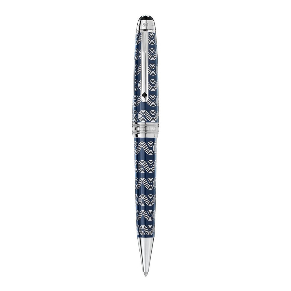 The Meisterstück Around the World in 80 Days collection is inspired by the famous adventure novel by Jules Verne. The Solitaire Midsize Ballpoint Pen in blue translucent lacquer with gradient finish, draws on the first part of the journey. The main character travels, mainly via steamboat, from London to Bombay, crossing the Mediterranean ocean and through the Suez canal. The cap and the barrel feature a milled pattern of the key elements of the novel: ocean waves, card suits and a cartouche with a lasered steam boat. The cap top is embossed with the length of the journey, 18 days from London to Bombay and 80 days in total.
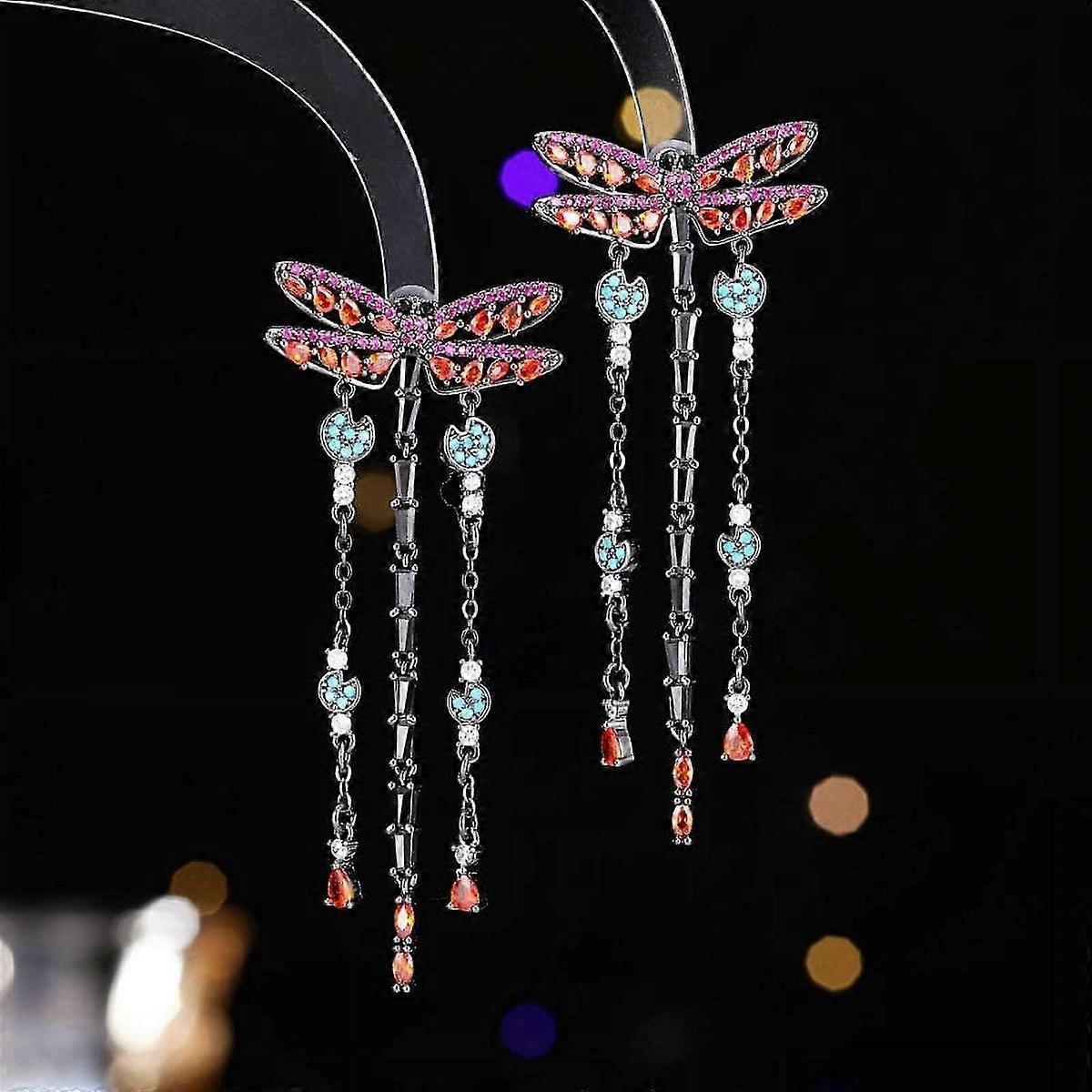 Luxury Dragonfly Earrings with Zircon Inlay and Tassel for Women
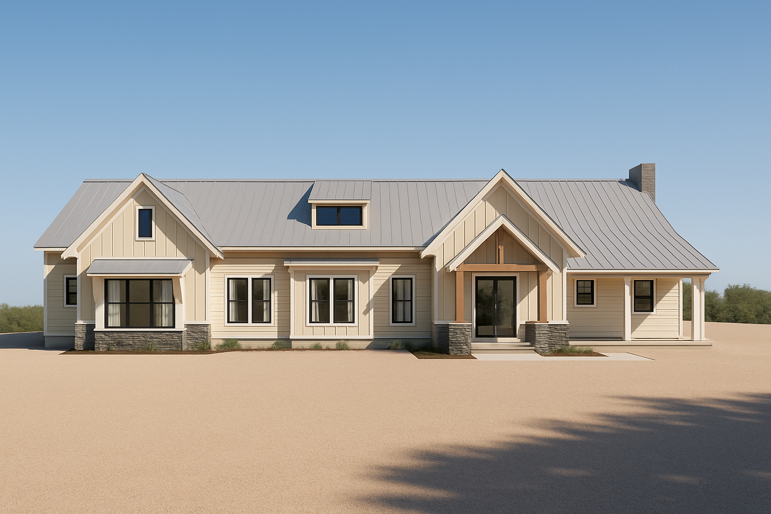 zaha hadid use the uploaded aerial image with red boundary lines and lot layout as the base geometry reference create a conceptual residential subdivision site plan rendering showing a custom home community on approximately 25 acres in rural texas follow the provided lot layout and internal road configuration exactly keep all lots inside the red boundary lines design intent one acre residential lots custom single family homes centered on each lot asphalt private road network shown in gray in the reference image main site access from cr 2465 at the north property line preserve the irregular southwest lot geometry maintain three primary lot rows west center east rendering style aerial master planned community illustration soft natural landscape tones mature trees along property edges lightly landscaped front yards concrete driveways from road to homes subtle shadows and realistic grass texture rural texas setting architecture style texas custom homes brick and stone exterior materials gable roofs with asphalt shingles 2 car garages varied home orientations for realism environment open pasture surroundings tree clusters near edges of property pond visible to the southeast of the site cr 2465 labeled along the top boundary output produce a high resolution conceptual site plan rendering suitable for a developer presentation board architecture
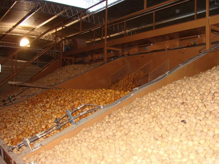 - Una cinta ubicada en la parte superior de los secadores, distribuye las nueces.
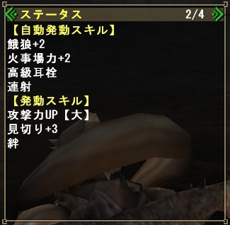 攻撃特大、見切り3、火事場2、餓狼2、高級耳栓、切れ味+1、
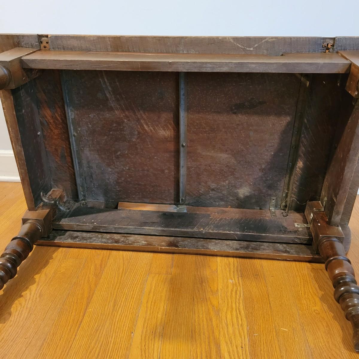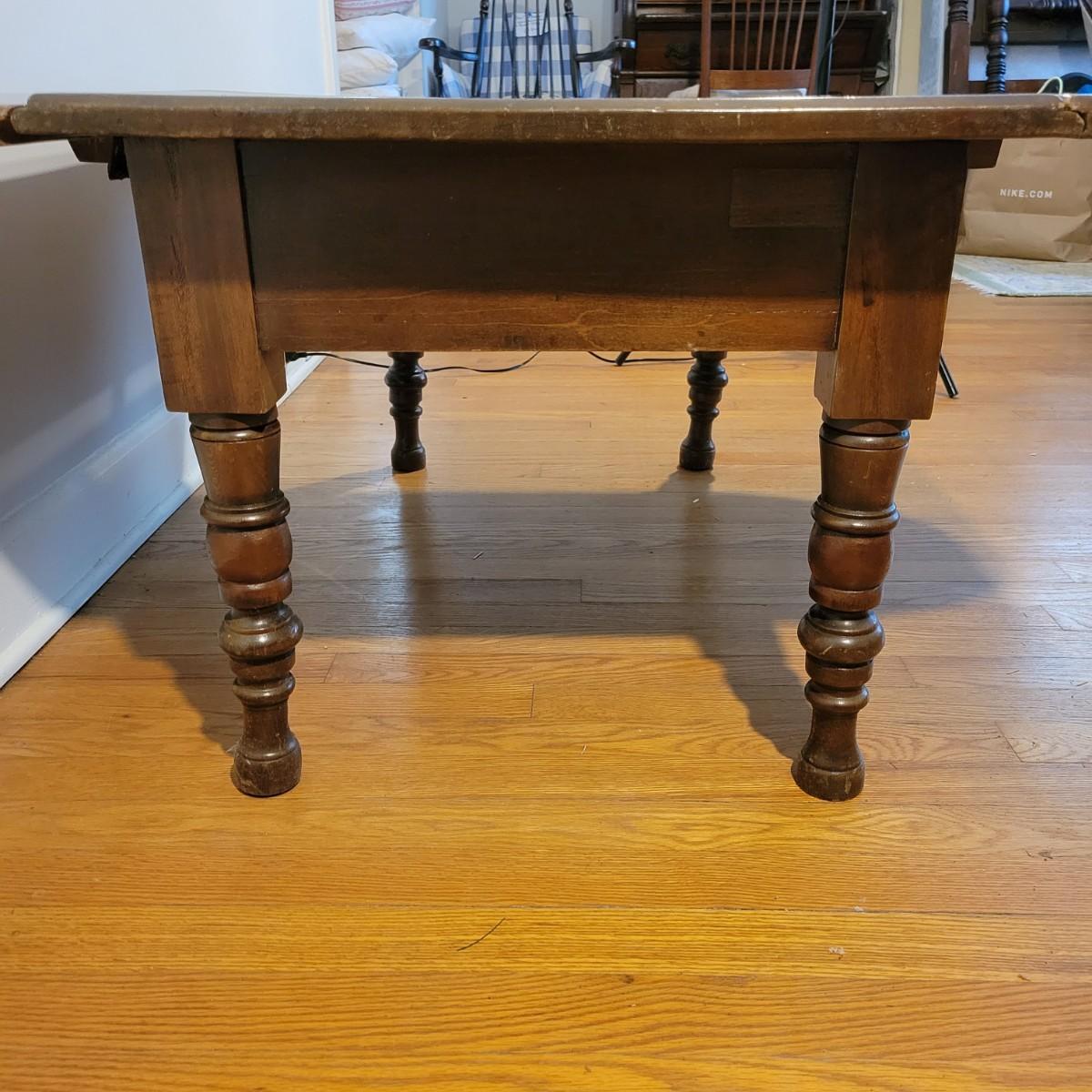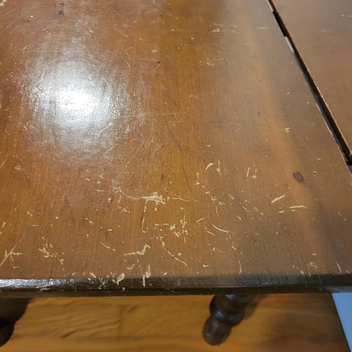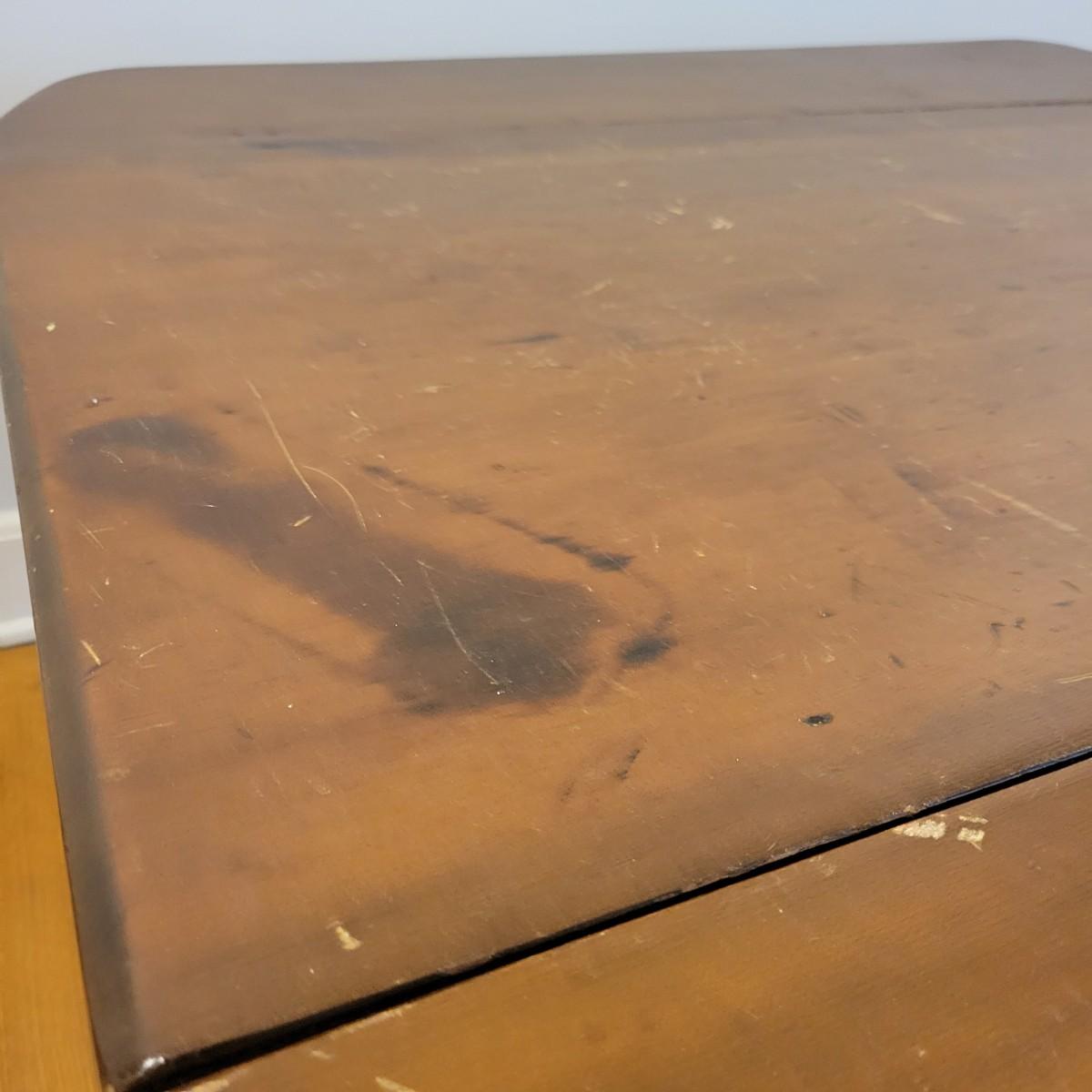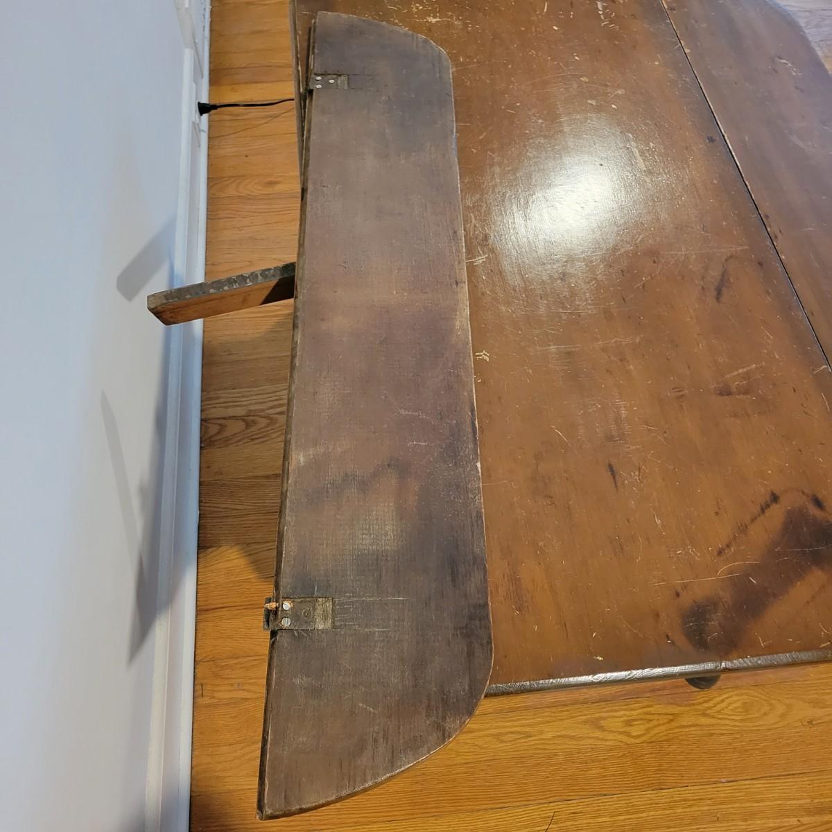 Antique solid wood drop leaf coffee table. The table has seen years of use and will require some repairs and possibly need refinishing. Repairs have been preformed on the table previously, but unfortunately, one drop leaf is detached. See attached pictures for more details. Table measures approximately 39" x 36.5" x 19" Local pickup only
━━━━━━━━━━━━━━━━━━━━
Quote, word for word and nothing more, every line from the line with "- Una cinta" to the end of the entries, including both ends; skip any pictures.

 - Una cinta ubicada en la parte superior de los secadores, distribuye las nueces.
 攻撃特大、見切り3、火事場2、餓狼2、高級耳栓、切れ味+1、
 Antique solid wood drop leaf coffee table. The table has seen years of use and will require some repairs and possibly need refinishing. Repairs have been preformed on the table previously, but unfortunately, one drop leaf is detached. See attached pictures for more details. Table measures approximately 39" x 36.5" x 19" Local pickup only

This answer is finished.